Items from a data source
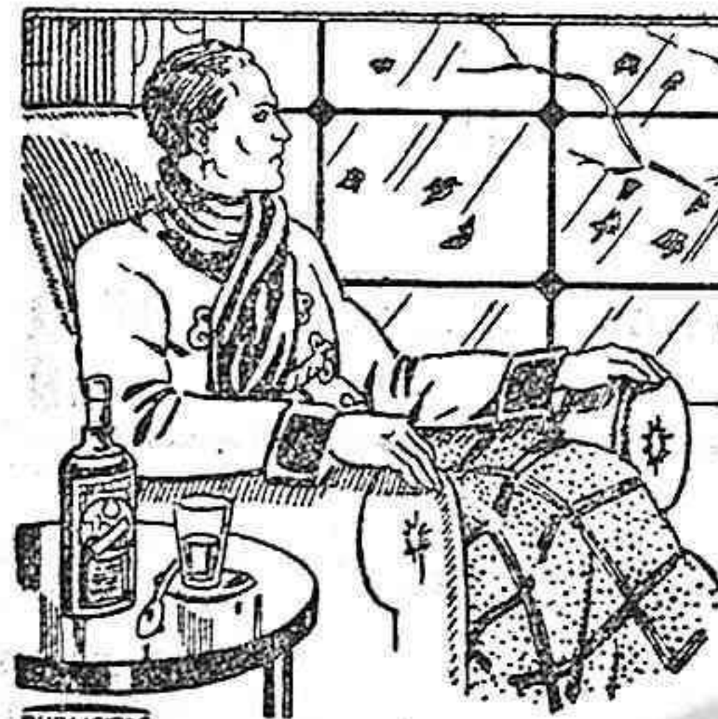
Se vende en todas las buenas Farmacias, a Ptas 5'00 el frasco
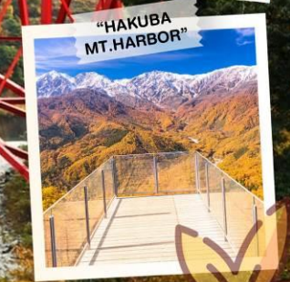
"HAKUBA MT. HARBOR"

วันเดินทาง 28 ต.ค. - 3 พ.ย. 2569 4 - 10 , 11 - 17 พ.ย. 2569
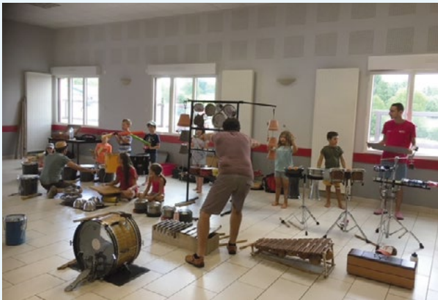
Du 18 au 22 juillet 2022, la commune a accueilli le mini camp « culture » du centre de loisirs, avec la participation du Collectif GONZO.
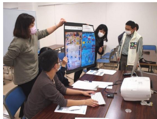
エコクラブオンライン交流会
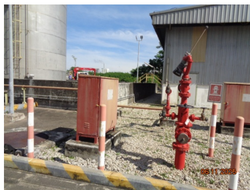
รูปที่ 3.2-50 Fire Hydrant บริเวณท่อนส่งก๊าซธรรมชาติ

รูปที่ 3.2 ภาพถ่ายประกอบการปฏิบัติตามมาตรการป้องกันและแก้ไขผลกระทบ สิ่งแวดล้อม โครงการโรงงานผลิต Polyethylene Terephthalate (PET) (ระยะดำเนินการ) บริษัท ไทย เพ็ท เรซิน จำกัด (ต่อ)

### TASK DESCRIPTION
Every line from the one holding "วันเดินทาง 28 ต.ค." through the last line of the entries above, and nothing else, is to be restated word for word. Pictures stay out.

### ANSWER FOR THE TASK
วันเดินทาง 28 ต.ค. - 3 พ.ย. 2569 4 - 10 , 11 - 17 พ.ย. 2569
Du 18 au 22 juillet 2022, la commune a accueilli le mini camp « culture » du centre de loisirs, avec la participation du Collectif GONZO.
エコクラブオンライン交流会
รูปที่ 3.2-50 Fire Hydrant บริเวณท่อนส่งก๊าซธรรมชาติ

รูปที่ 3.2 ภาพถ่ายประกอบการปฏิบัติตามมาตรการป้องกันและแก้ไขผลกระทบ สิ่งแวดล้อม โครงการโรงงานผลิต Polyethylene Terephthalate (PET) (ระยะดำเนินการ) บริษัท ไทย เพ็ท เรซิน จำกัด (ต่อ)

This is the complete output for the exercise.